In another embodiment, the plurality of sensors includes at least one of (i) a breath pattern sensor modality adapted for determination of brain hypoxia based on a breathing pattern of the subject, or (ii) electronic nose, E-nose, sensors adapted for breath analysis and a determination of volatile markers and a given concentration linked to a moment of stroke onset. In yet another embodiment, the plurality of sensors includes at least one of (i) sensor modalities of EOG sensors and EEG sensors, wherein the EOG sensors are integrated in the patient interface device to detect a lateralized asymmetry of the subject's face, and wherein the EEG sensors are adapted for monitoring progressive changes in EEG morphology amplitude, and frequency that correlate with a severity of stroke, or (ii) a facial camera integrated in the patient interface device and adapted for use in detecting stroke onset based on a positioning of the subject's head and features of the subject's face, or (iii) simultaneous use of stimulating and recording electroneurography (ENG) electrodes integrated in the patient interface device and adapted for use in detecting stroke onset. In a still further embodiment, the plurality of sensors includes ambulatory PSG sensors adapted for detecting sleep stages and apnea events.
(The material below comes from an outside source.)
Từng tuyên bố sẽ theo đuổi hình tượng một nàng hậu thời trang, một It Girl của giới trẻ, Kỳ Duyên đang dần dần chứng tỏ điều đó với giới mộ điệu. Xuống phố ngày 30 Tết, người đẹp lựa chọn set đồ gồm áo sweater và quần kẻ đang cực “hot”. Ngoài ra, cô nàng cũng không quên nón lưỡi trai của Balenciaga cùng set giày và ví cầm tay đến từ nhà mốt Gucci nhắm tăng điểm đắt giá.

According to yet another embodiment, the method includes wherein the stroke onset detection module comprises a dedicated algorithm to process and analyze the monitored and recorded set of vital signs and physical symptoms for identification of a presence (and time) of the onset of the acute stroke attack or stroke episode, and wherein the monitored and recorded set includes at least measured physical symptoms (e.g., facial symptoms) and hemodynamic and respiratory parameters. In another embodiment, the method includes wherein the stroke onset detection module is configured to use machine learning or predictive modeling algorithms for the analysis of the monitored and recorded set of vital signs and physical symptoms to identify the onset of stroke.

In a further embodiment, the method includes wherein the stroke onset alert signal comprises at least one of (i) a warning signal configured to carry out one or more of (a) alert the subject, (b) alert someone other than the subject, and (c) initiate an emergency call to a medical provider, emergency medical personnel, or rescue team, or (ii) one or more of a tactile, visual, and auditory alert for signaling an occurrence of the onset of stroke. According to a still further embodiment, the method includes wherein the stroke onset alert signal further comprises a follow-up information signal for use in seeking additional information, wherein the follow-up information signal is communicated to a remote audio-visual display device based on a given level of uncertainty in a prediction of the onset of stroke based on the identified onset of stroke.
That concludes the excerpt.